Don't let regex scare you off... it's well worth learning.
Given the examples above, you might try putting the trailing parenthesis back in, and then using this pattern:
import re
pat = re.compile('([\w\s]+)\(([\w\s]+)(\d+/\d+)\)')
info = pat.match(s)
print info.groups()
('Michael Schenker Group ', 'House of Blues Dallas ', '3/26')
To get at each group individual, just call them on the info object:
print info.group(1) # or info.groups()[0]
print '"%s","%s","%s"' % (info.group(1), info.group(2), info.group(3))
"Michael Schenker Group","House of Blues Dallas","3/26"
The hard thing about regex in this case is making sure you know all the known possible characters in the title. If there are non-alpha chars in the 'Michael Schenker Group' part, you'll have to adjust the regex for that part to allow them.

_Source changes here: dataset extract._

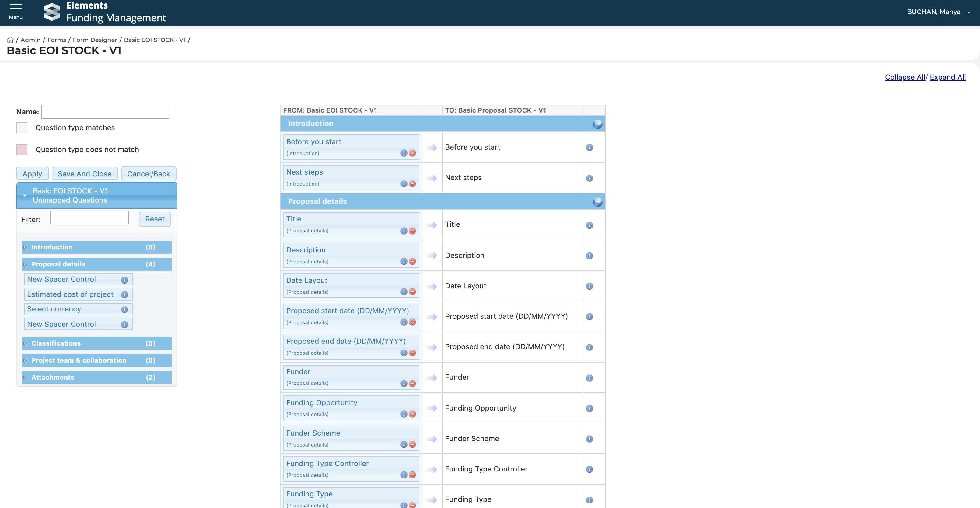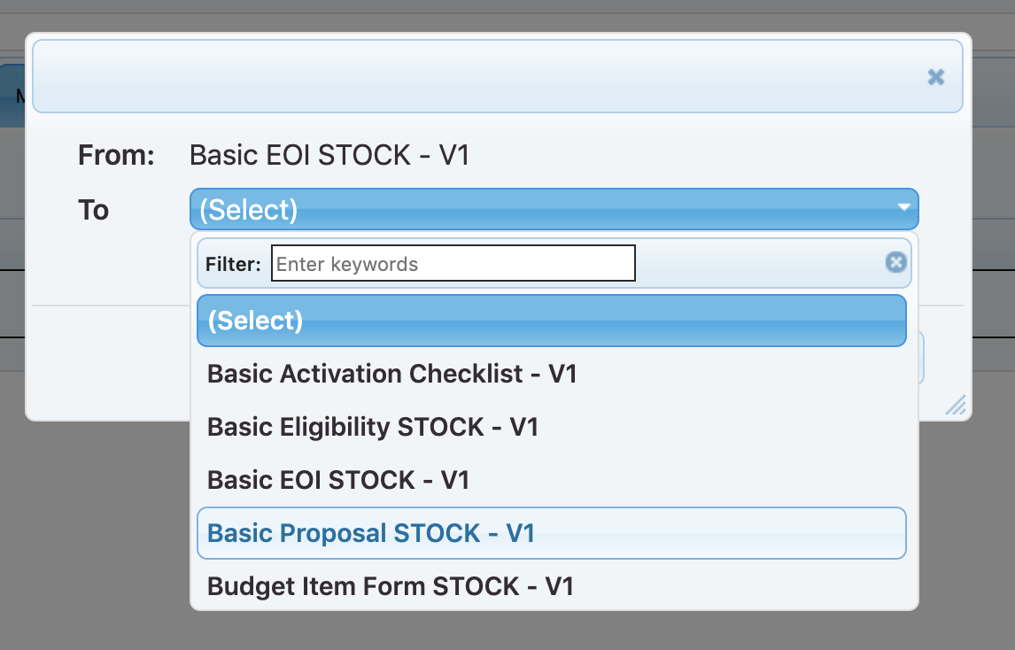 Where you have multi-stage funding opportunities and want to copy information input in a Proposal form from one stage to the next (saving researchers re-inputting data), you need to set up a mapping between the forms.

The pattern above breaks down as follows, which is parsed left to right:
([\w\s]+) : Match any word or space characters (the plus symbol indicates that there should be one or more such characters). The parentheses mean that the match will be captured as a group. This is the "Michael Schenker Group " part. If there can be numbers and dashes here, you'll want to modify the pieces between the square brackets, which are the possible characters for the set.
\( : A literal parenthesis. The backslash escapes the parenthesis, since otherwise it counts as a regex command. This is the "(" part of the string.
([\w\s]+) : Same as the one above, but this time matches the "House of Blues Dallas " part. In parentheses so they will be captured as the second group.
(\d+/\d+) : Matches the digits 3 and 26 with a slash in the middle. In parentheses so they will be captured as the third group.
\) : Closing parenthesis for the above.
The python intro to regex is quite good, and you might want to spend an evening going over it http://docs.python.org/library/re.html#module-re. Also, check Dive Into Python, which has a friendly introduction: http://diveintopython3.ep.io/regular-expressions.html.
EDIT: See zacherates below, who has some nice edits. Two heads are better than one!
Regular expressions are a great solution to this problem:
>>> import re
>>> s = 'Michael Schenker Group (House of Blues Dallas 3/26'
>>> re.match(r'(.*) \((.*) (\d+/\d+)', s).groups()
('Michael Schenker Group', 'House of Blues Dallas', '3/26')
As a side note, you might want to look at the Universal Feed Parser for handling the RSS parsing as feeds have a bad habit of being malformed.
Edit
In regards to your comment... The strings occasionally being wrapped in "s rather than 's has to do with the fact that you're using repr. The repr of a string is usually delimited with 's, unless that string contains one or more 's, where instead it uses "s so that the 's don't have to be escaped:
>>> "Hello there"
'Hello there'
>>> "it's not its"
"it's not its"
Notice the different quote styles.
Regarding the repr(item.title[0:-1]) part, not sure where you got that from but I'm pretty sure you can simply use item.title. All you're doing is removing the last char from the string and then calling repr() on it, which does nothing.
Your code should look something like this:
import geocoders # from GeoPy
us = geocoders.GeocoderDotUS()
import feedparser # from www.feedparser.org
feedurl = "http://www.tourfilter.com/dallas/rss/by_concert_date"
feed = feedparser.parse(feedurl)
lines = []
for entry in feed.entries:
m = re.search(r'(.*) \((.*) (\d+/\d+)\)', entry.title)
if m:
bandRaw, venue, date = m.groups()
if band == bandRaw:
place, (lat, lng) = us.geocode(venue + ", Dallas, TX")
lines.append(",".join([band, venue, date, lat, lng]))
result = "\n".join(lines)
EDIT: replaced list with lines as the var name. list is a builtin and should not be used as a variable name. Sorry.